I came to study the Otto Rank archive, a large and priceless collection of records, correspondences, drafts, and ephemera owned by one of the most important and controversial figures in the history of psychoanalysis. Rank was one of Sigmund Freud’s closest associates for nearly fifteen years, the secretary of the International Psychoanalytic Association, and the first member of Freud’s inner circle seriously to challenge him on the primacy of the Oedipus complex. His theory of the doppelgänger was instrumental to Freud’s essay on “The Uncanny,” which remains profoundly influential in contemporary horror and science fiction. I wanted to learn more about their friendship, professional association, and eventual falling-out in order to understand what role Rank played, as both an influence and a foil, in Freud’s later writings. I also wondered what other relationships Rank developed after his break-up with Freud that might reveal more about his influence on psychology beyond or even against psychoanalysis.

 

How long have you been using RBML materials (for this and/or previous research)?
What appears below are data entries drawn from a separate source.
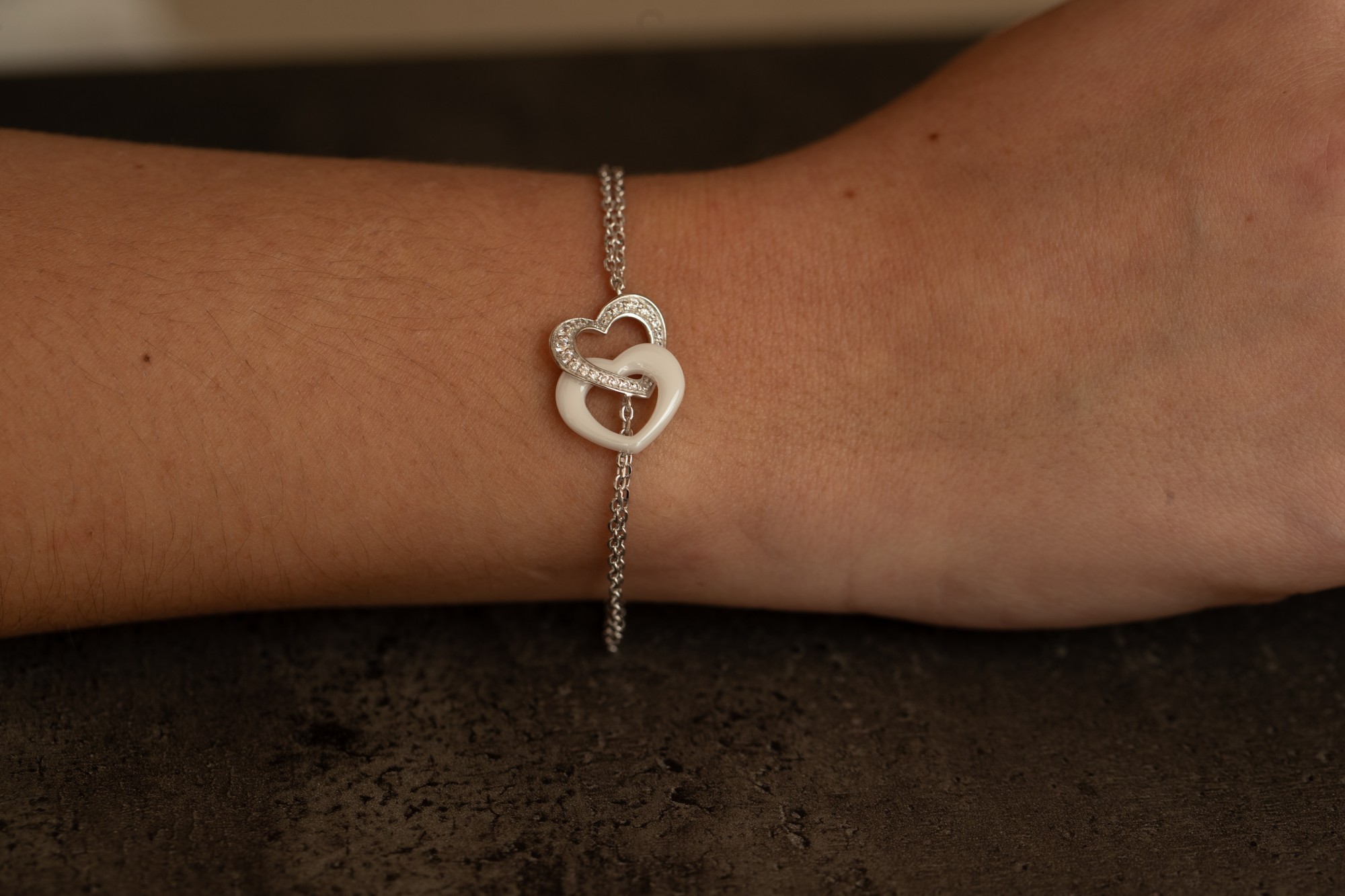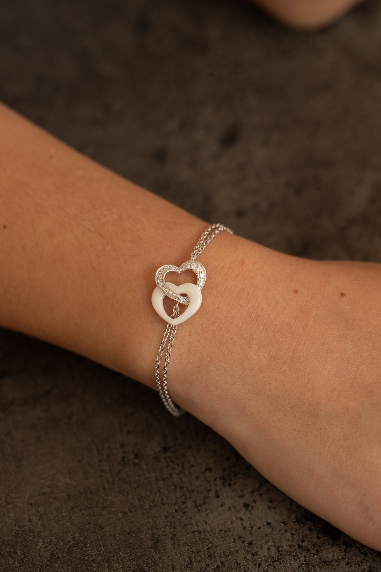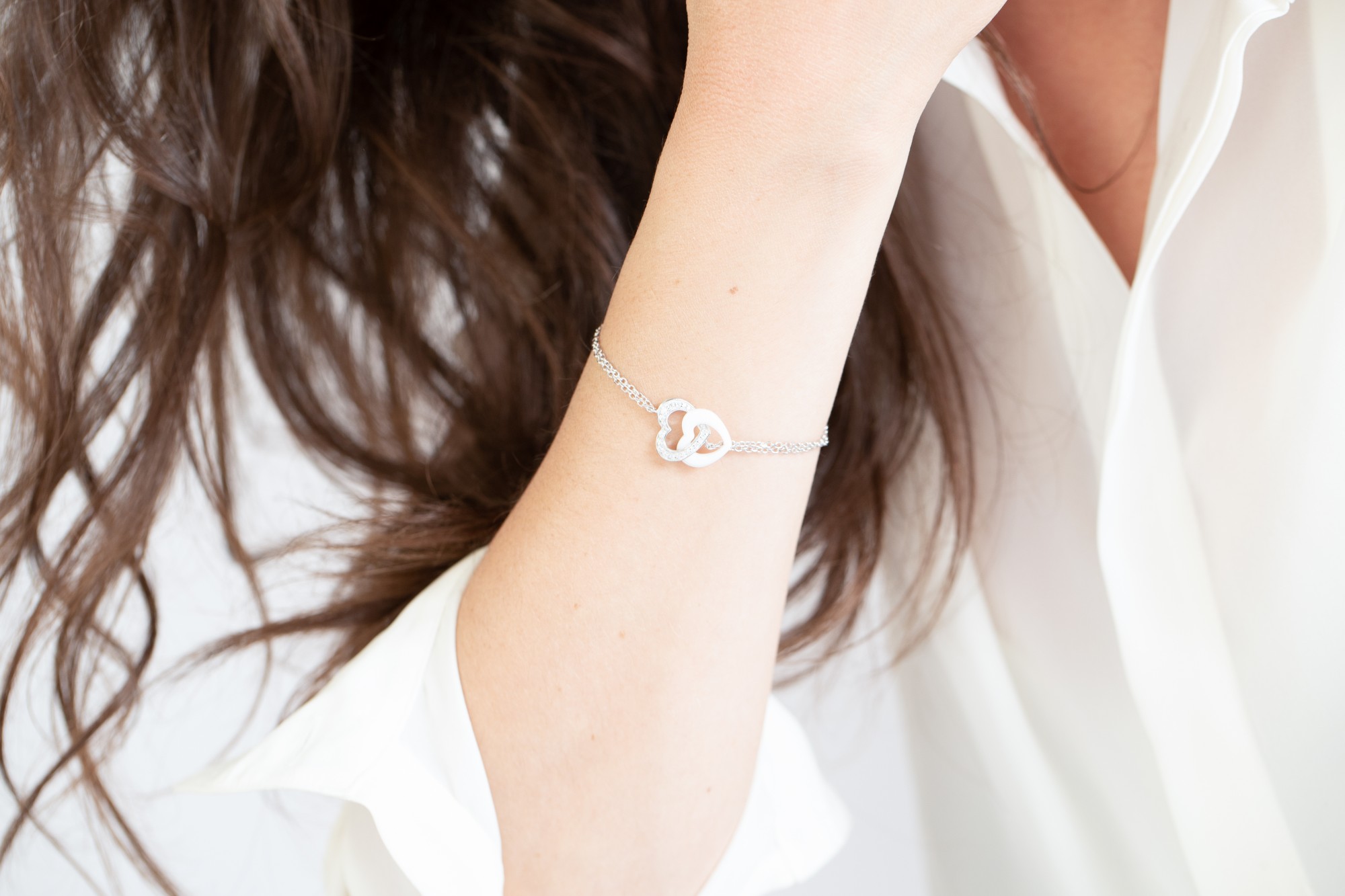 Le bracelet Velours évoque la tendresse d’un lien précieux. Deux cœurs entrelacés, l’un en céramique blanche, l’autre sublimé d’oxydes de zirconium, forment une harmonie parfaite entre éclat et douceur.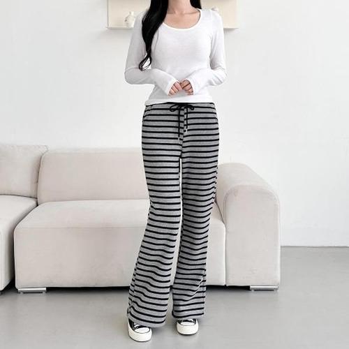 [다잇템][다잇템] 여성 줄무늬 편한 면혼방 캐쥬얼 나팔 고무줄 팬츠_23776222_588872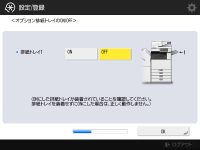 <オプション排紙トレイのON/OFF>画面が表示された場合は、追加で装着した排紙トレイを使用するかどうかを設定します。 ![]() <日付/時刻の設定>画面が表示された場合は、Step 6に進みます。 ![]() 排紙トレイを使用する場合は<ON>/使用しない場合は<OFF>を押し、<OK>を押します。 装着されているオプションによって、表示される項目が異なります。 | |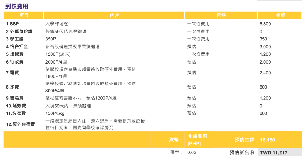 另外報價單會分兩個部分,各家代辦及各家學校在這點皆一致,新飛留的格式上半部為學費與住宿費用,以美金計價,上半部即是要直接支付給代辦的總金額;下半部為入學後預估支付的費用,以披索計價,最好準備至少超過下半部總額的同等美金。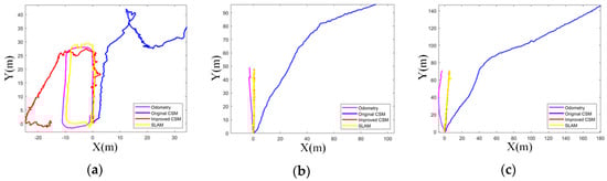 First, we compared the trajectories, as shown in Figure 14. The three pictures a, b, and c corresponded to three experimental scenes. In each scene, the trajectory generated by Odometry, the trajectory generated by the original CSM, the trajectory generated by the improved CSM, and the trajectory generated by the entire SLAM were compared. The trajectory of Odometry was generated from the original data of Odometry. When generating the trajectories of the original CSM and the improved CSM, in order to simply compared the quality of the point cloud matching method, Odometry information was not used. Therefore, no “Multi-scan” was constructed, and DBSCAN was not used to filter out outliers. The trajectory of SLAM was generated by the SLAM proposed in this paper. It underwent a complete data preprocessing link and used an improved CSM as a point cloud matching method.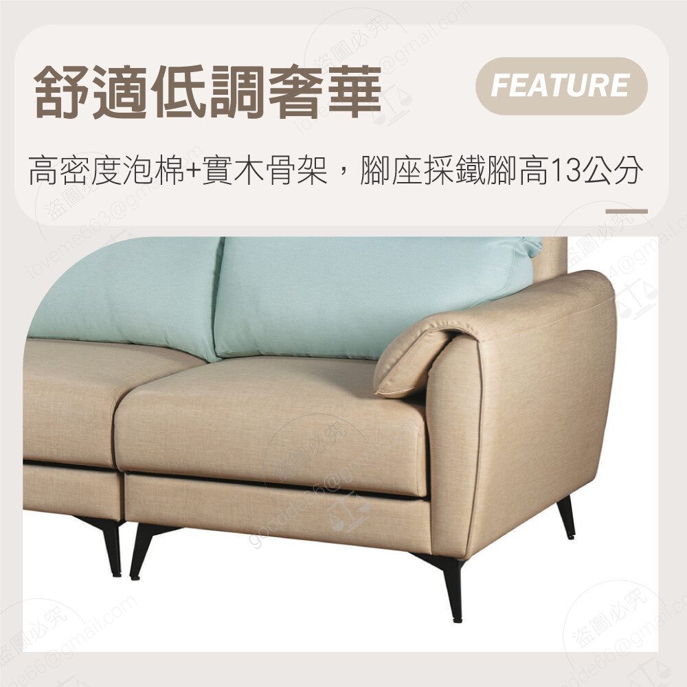 高密度泡棉 實木骨架 鐵腳

I first visited the archives for a separate project early in 2023 for a separate project. It was while I was leafing through a rare book from 1753, looking for an image to include in my forthcoming book on the Enlightenment unconscious, that the RBML director, Courtney Chartier, approached me about the possibility of organizing an event to showcase the Otto Rank collection. I leapt at the idea and was able to spend two weeks at the end of the semester digging through more than twenty boxes of materials. I plan to return occasionally throughout the next academic year in the lead-up to our international symposium in May, 2024.

 

What have you found? Did you come here knowing this material was here?

I had no idea I would find so much of Freud’s private, hand-written writing to Rank, often on postcards sent from his favorite vacation town, Bad Gastein. They really were dear friends. There are also dozens of letters from other members of the IPA’s central committee, including Sandor Ferenczi, Ernest Jones, and Karl Abraham, providing a clear window into the everyday administrative workings, theoretical controversies, and big personalities of the early psychoanalytic movement. The correspondence files include typed transcripts from the original German as well as typed English translations. While the online catalog lists these materials, going through them gives one a sense of the emotional realities, the hurt feelings and wounded egos and paranoia and betrayal, surrounding Rank’s painful separation from psychoanalysis, reminding us why it is the most human of the human sciences.

 

What have you found that’s surprised or perplexed you? 

Beyond the correspondences, most of the archive contains Rank’s hand-written drafts of his many books, as well as his preparatory notes for each manuscript, including piles of scraps of paper containing scribbles to himself. These little notes, sometimes written on the back of old advertisements for the Viennese theater, or on odd newspaper clippings, or on stationary from Rank’s apartments in Paris or New York, are like snapshots compressing the whole compositional process of an energetic, ranging mind into a single, indecipherable time-space, like a black hole of thought, infinitely dense with information but giving off no light.

 

What advice do you have for other researchers or students interested in using RBML’s special collections?

The RBML is truly a treasure trove, full of more material than an army of researchers could possibly explore in a dozen lifetimes. Get in there! Survey the catalog for anything that even tangentially brushes against your areas or topics of interest and go take a look. Leave your expectations at the door and explore with an open mind. Start with a wide view and then zoom in on the details you find most intriguing, but try not to determine in advance what those details might be. Prepare to be surprised.